This is quite true for XSLT, but not for XPath or (perhaps more importantly)
XQuery.
As I said, it is OK for anyone to propose extensions for HOFs (or for anything else).

What is incorrect is to assume HOFs are a precondition for implementing references.

Thanks,
Dimitre
John Snelson
16 years ago
Permalink
Post by Dimitre Novatchev
Post by Dimitre Novatchev
...
the fact that HOF have been implemented *without* extensions long ago),
This is quite true for XSLT, but not for XPath or (perhaps more importantly)
XQuery.
As I said, it is OK for anyone to propose extensions for HOFs (or for anything else).
What is incorrect is to assume HOFs are a precondition for implementing references.
I'm not sure anyone is assuming that. I think the thought process goes:

o Higher order function support would be good to have.
o Sequence references would be good to have.
o Since HOF closures look a lot like sequence references, if we're going
to have both we should implement one in terms of the other.
Post by Dimitre Novatchev
Anyone could propose to implement HOF via extensions (and it is up to them to defend
such a proposal given the fact that HOF have been implemented *without* extensions long
ago)
With respect to everything that you've achieved in FXSL, there's still a
lot that could be improved on:

1) Syntactic support - not having to define a template and two functions
for each HOF.

2) Lambda (anonymous) functions.

3) Closures and partial application - FXSL can't handle these completely.

4) Support in the type system - a prerequisite for good optimization.

John
--
John Snelson, Oracle Corporation http://snelson.org.uk/john
Berkeley DB XML: http://oracle.com/database/berkeley-db/xml
XQilla: http://xqilla.sourceforge.net
Vladimir Nesterovsky
16 years ago
Permalink
Post by John Snelson
o Higher order function support would be good to have.
o Sequence references would be good to have.
o Since HOF closures look a lot like sequence references, if we're going
to have both we should implement one in terms of the other.
I think it's rather untrivial to implement refereneces in terms
of higher order functions through extension functions and extension objects
only.

If there were inline functions that would be a copletely different thing.

If I'm wrong, can you please show an example of an expression using such
extensions.
--
Vladimir Nesterovsky
http://www.nesterovsky-bros.com
Dimitre Novatchev
16 years ago
Permalink
Sent: Friday, December 19, 2008 5:27:21 AM
Subject: Re: [exslt] Reference and First-Class Function
Post by John Snelson
o Higher order function support would be good to have.
o Sequence references would be good to have.
o Since HOF closures look a lot like sequence references, if we're going to
have both we should implement one in terms of the other.
I think it's rather untrivial to implement refereneces in terms
of higher order functions through extension functions and extension objects
only.
+ 1

Completely agree with that!
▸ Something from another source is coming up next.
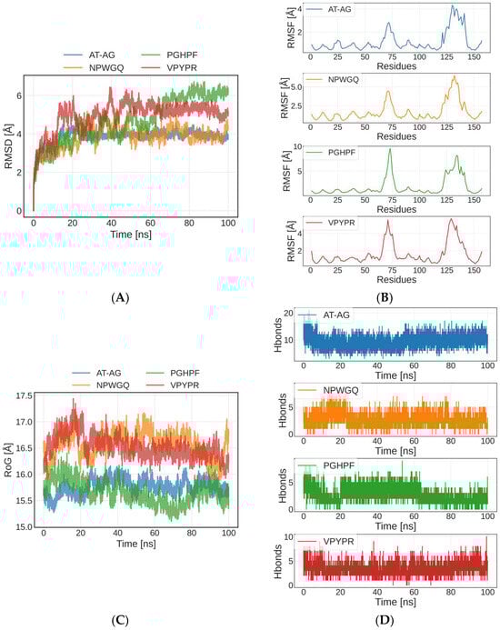Molecular dynamics simulation, a computer simulation method based on classical physics, has been widely adopted to investigate molecular interactions and structural dynamics at the atomic scale []. Using the initial conformation of a complex formed by four peptides with SOD, a molecular dynamics simulation in 100 ns was performed (Figure 4). The stability and flexibility of the receptor–ligand complexes were evaluated by analyzing the root-mean-square deviation (RMSD) and root-mean-square fluctuation (RMSF) of atomic coordinates, where increased deviations and fluctuations may indicate reduced stability []. RMSD measures the displacement of atoms relative to their initial conformation, and monitoring its changes helps reveal structural variations in protein complexes during simulations, thereby assessing their stability and dynamics []. As shown in Figure 4A, the AT-AG-SOD and NPWGQ-SOD complexes exhibited relatively stable overall fluctuations, with the AT-AG-SOD complex demonstrating particularly high stability. The low RMSD values (<10 Å) suggest minimal structural fluctuations during the simulation, strongly indicating that these two peptides maintained stable binding conformations within the SOD binding pocket []. Although the PGHPF-SOD and VPYPR-SOD complexes showed slightly higher RMSD values, they remained below 10 Å, confirming their high stability within the SOD binding site.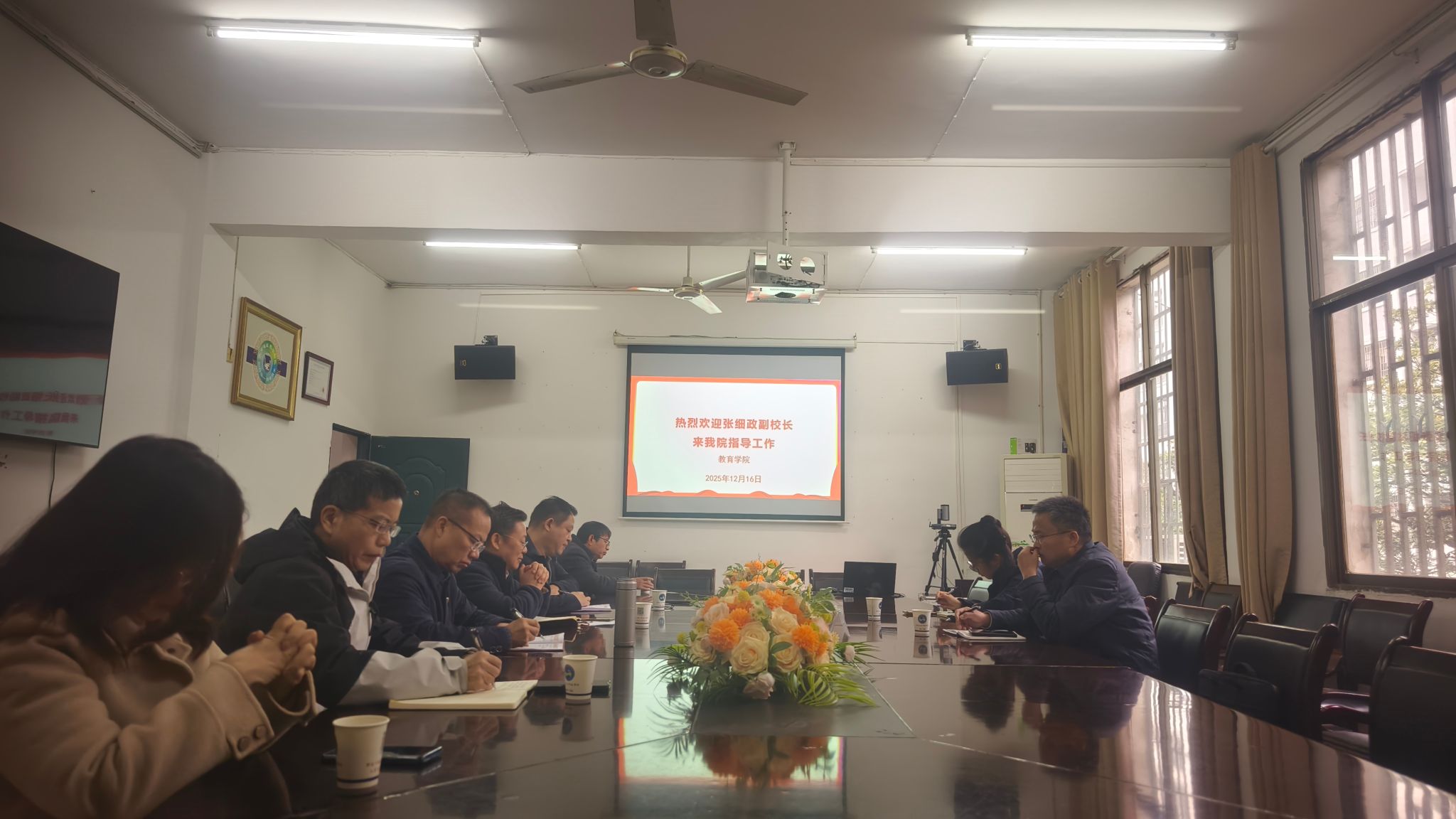 2025年12月16日,副校长张细政莅临教育学院开展学科专业调整协调调研会,教务处副处长白婧随同参加,教育学院有院党总支书记陈功平、院长蒋冰清、副院长曹俊军、副院长李国强,学前教育专业教研室主任赵艳红、历史学专业教研室主任王向文、教师教育教研室主任胡小兰等。

Asking to implement HOFs as a prerequisite of implementing references results in a much more complicated and difficult to implemented specification.
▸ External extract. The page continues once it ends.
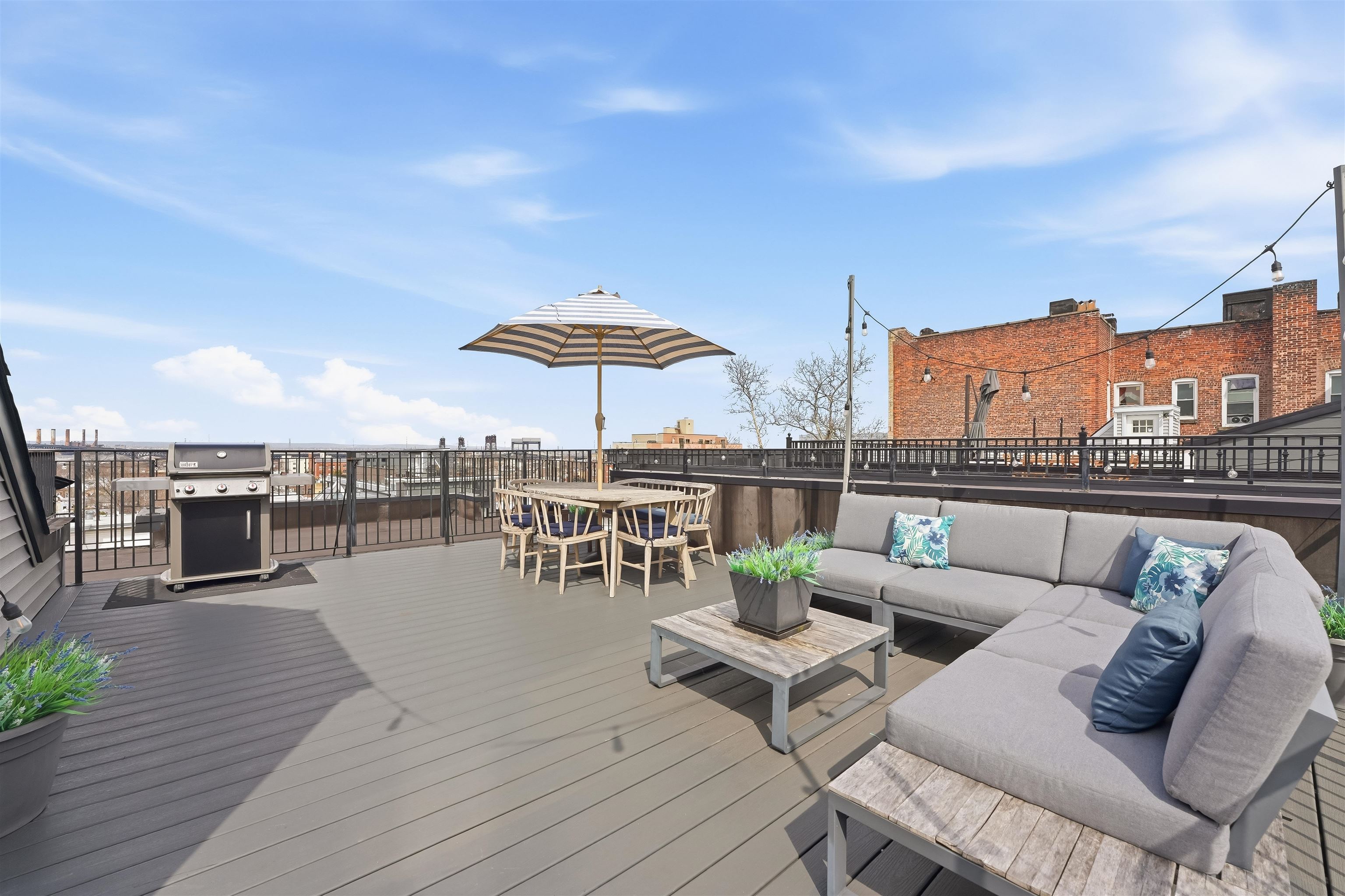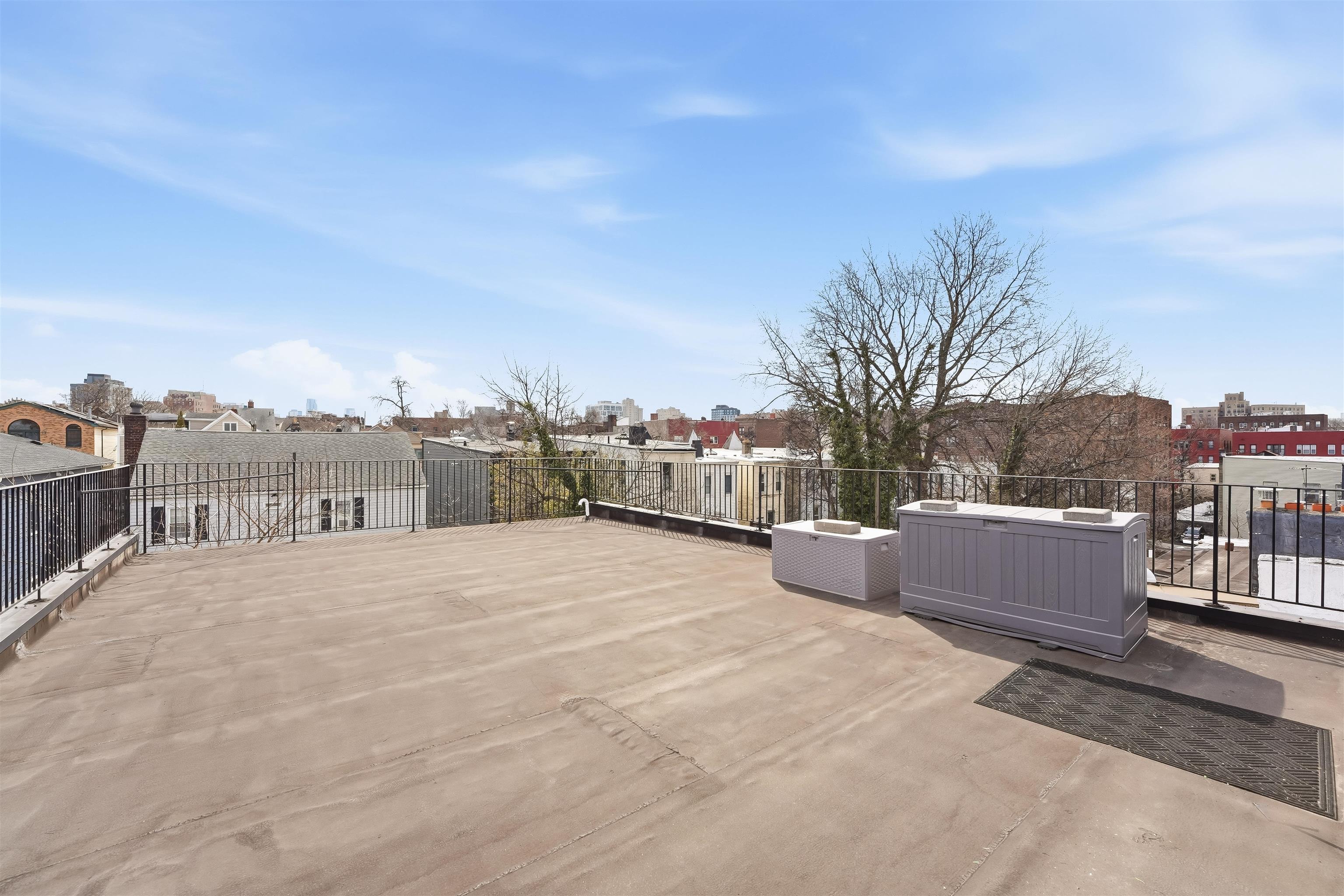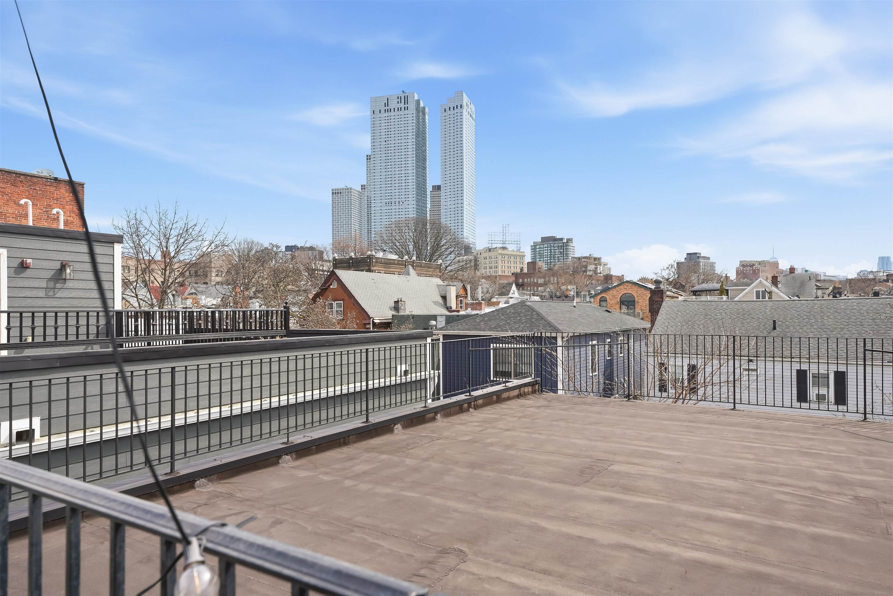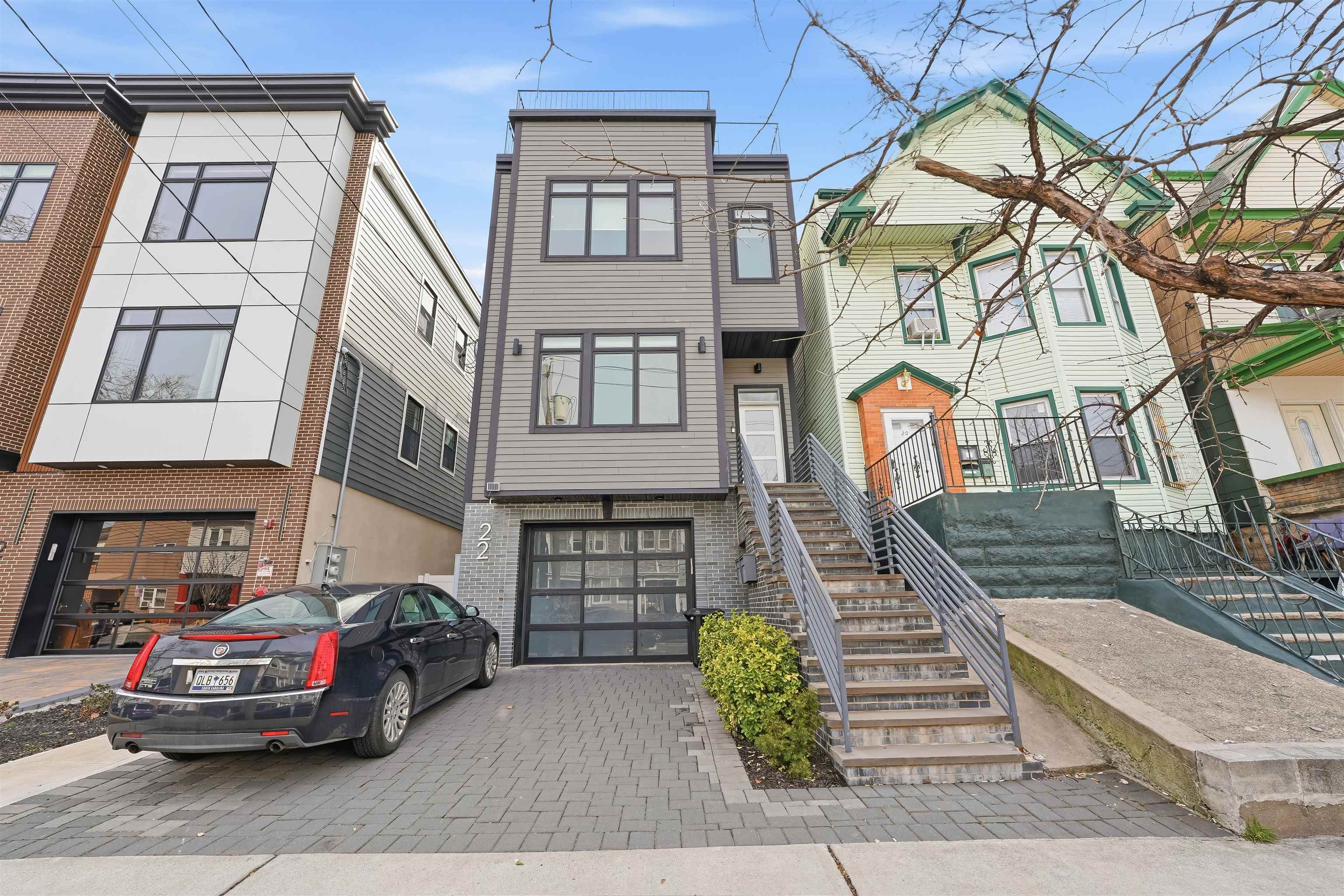 LUXURY 3BR w/PRIVATE ROOFTOP DECK & PARKING. Experience complete bliss in this ultra modern three bedroom, two bathroom located in the prestigious neighborhood of Journal Square. Upon entry, the parlor level reveals an expansive, sun filled living space with soaring 10ft ceilings, hardwood flooring throughout 1477sqft, oversized windows, and a chef inspired kitchen featuring premium appliances, sleek quartz countertops, and a dedicated dining area. The primary suite serves as a peaceful retreat, complete with a spa like ensuite bath and a private balcony. Two additional generously sized bedrooms and a second full bathroom offer comfort and versatility for guests, family, or a home office. The home is thoughtfully equipped with central HVAC, an in unit washer and dryer, an instant hot water heater for modern convenience and a tandem garage parking with ample storage enhancing everyday ease. Crowning the home is a private rooftop deck, ideal for relaxing or entertaining while enjoying both sunrise and sunset views. Ideally located just moments from Lincoln Park, acclaimed dining, boutique shopping, and seamless access to New York City via the Journal Square PATH, this home offers the perfect blend of luxury, comfort, and convenience.

References can be implemented without needing an implementation of HOFs. This is much more simple, requires less effort and is therefore more realistic.
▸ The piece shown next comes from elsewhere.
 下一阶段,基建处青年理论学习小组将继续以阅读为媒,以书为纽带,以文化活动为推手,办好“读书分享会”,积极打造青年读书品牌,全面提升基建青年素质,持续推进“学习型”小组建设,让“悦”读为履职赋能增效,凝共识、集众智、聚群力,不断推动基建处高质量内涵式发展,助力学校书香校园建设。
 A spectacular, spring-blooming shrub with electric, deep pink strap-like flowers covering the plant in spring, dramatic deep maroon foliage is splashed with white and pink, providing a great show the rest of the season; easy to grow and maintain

See my answer to John Snelson on this topic at:
http://lists.fourthought.com/pipermail/exslt/2008-December/001759.html


Cheers,
Dimitre
John Snelson
16 years ago
Permalink
...
Here's how I'd declare it in XQuery without using inline functions:

declare function ex:identity($x)
{
$x
};

declare function ex:ref($x)
{
ex:partial-apply(ex:function("ex:identity", 1), $x)
};

declare function ex:deref($r)
{
ex:call($r)
};

John
--
John Snelson, Oracle Corporation http://snelson.org.uk/john
Berkeley DB XML: http://oracle.com/database/berkeley-db/xml
XQilla: http://xqilla.sourceforge.net
Vladimir Nesterovsky
16 years ago
Permalink
John,

I've read you proposal. It looks consistent.
Rather lengthy to my taste.
I would remove everything except function
types and inline functions, and titled proposal "... XPath".

I would possibly added typedefs to shorten type names.

In fact I would be satisfied if such feature found its way to the next spec.

The question is to WG people (Michael Kay?): shall we see something like
this in spec?

P.S. I know only one other WG that is more thorough in their work: C++ WG.
--
Vladimir Nesterovsky
http://www.nesterovsky-bros.com
...
John Snelson
16 years ago
Permalink
...
Here's how I'd declare it in XQuery without using inline functions:

declare function ex:identity($x)
{
$x
};

declare function ex:ref($x)
{
ex:partial-apply(ex:function("ex:identity", 1), $x)
};

declare function ex:deref($r)
{
ex:call($r)
};

John
--
John Snelson, Oracle Corporation http://snelson.org.uk/john
Berkeley DB XML: http://oracle.com/database/berkeley-db/xml
XQilla: http://xqilla.sourceforge.net
Dimitre Novatchev
16 years ago
Permalink
...
                ^^^^^^

The "should" is absolutely unjustified here. We "could", but also we could also implement each one independently, or just only one of them at a time, thus reducing complexity significantly and making it more realistic that a smaller set of new features could be implemented in reasonable time and with reasonable effort.
...
I am well aware of all these, thank you for reminding. However, the introduction of such a fundamental data type as a first class function object in the type system must be addressed by the next versions of XPath and XSLT rather than being more incompletely described in an extension spec. Dr. Kay is a person, who has rich expertise and I admire his realistic estimation so far. He has indicated that it is more realistic to define the "function" type just as "subtypes of xs:anyAtomic rather than being a third kind of item".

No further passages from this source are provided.